1 million images * 512 vector length= 512 million multiples, which the neural engine ought to be able to do in ~100ms

4

learn-deeply t1_j28hirz wrote

Is that calculation taking into account memory (RAM/SSD) access latencies?

1

londons_explorer t1_j28kvqp wrote

There is no latency constraint - it's a pure streaming operation, and total data to be transferred is 1 gigabyte for the whole set of vectors - which is well within the read performance of apples ssd's.

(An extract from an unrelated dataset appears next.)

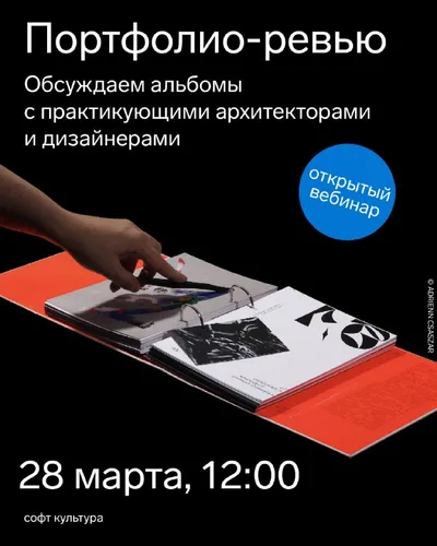 Запускаем серию портфолио‑ревью для архитекторов и дизайнеров. На первой встрече разберем несколько портфолио, которые участники присылали прошлой осенью на совместное ревью Софт Культуры и фестиваля
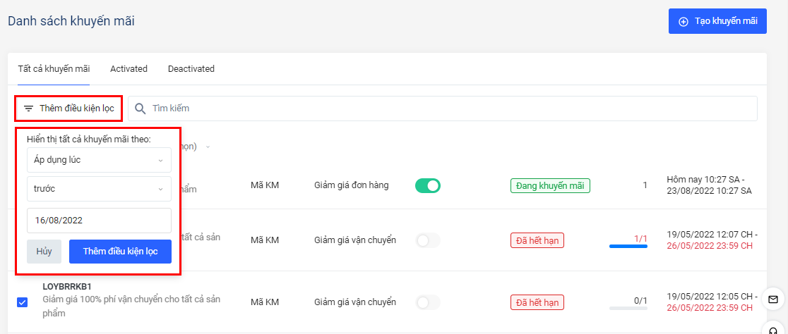 - Nếu có nhiều khuyến mãi, người bán có thể sử dụng thanh Tìm kiếm hoặc Thêm điều kiện lọc để tìm khuyến mãi mình muốn.

This is also the naive approach - there are probably smarter approaches by doing an approximate search with very low resolution vectors (eg. 3 bit depth), and then a 2nd pass of the high resolution vectors of only the most promising few thousand results.

3

Steve132 t1_j28oxex wrote

One thing you aren't taking into account is that the computation of the similarity scores is O(n) but the sorting he's doing is n log n which for 1m might dominate especially since it's not necessarily hardware optimized

1

londons_explorer t1_j28ufby wrote

Top K sorting is linear in computational complexity, and I doubt it will dominate because it just needs to be done on a single number rather than a vector of 512 numbers.

1

RingoCatKeeper OP t1_j2885ds wrote

You're right. There were some optimized work by Google called ScanNN, which is much faster on large scale vector similarity search. However, it's much more complicated to port this model to iOS.

1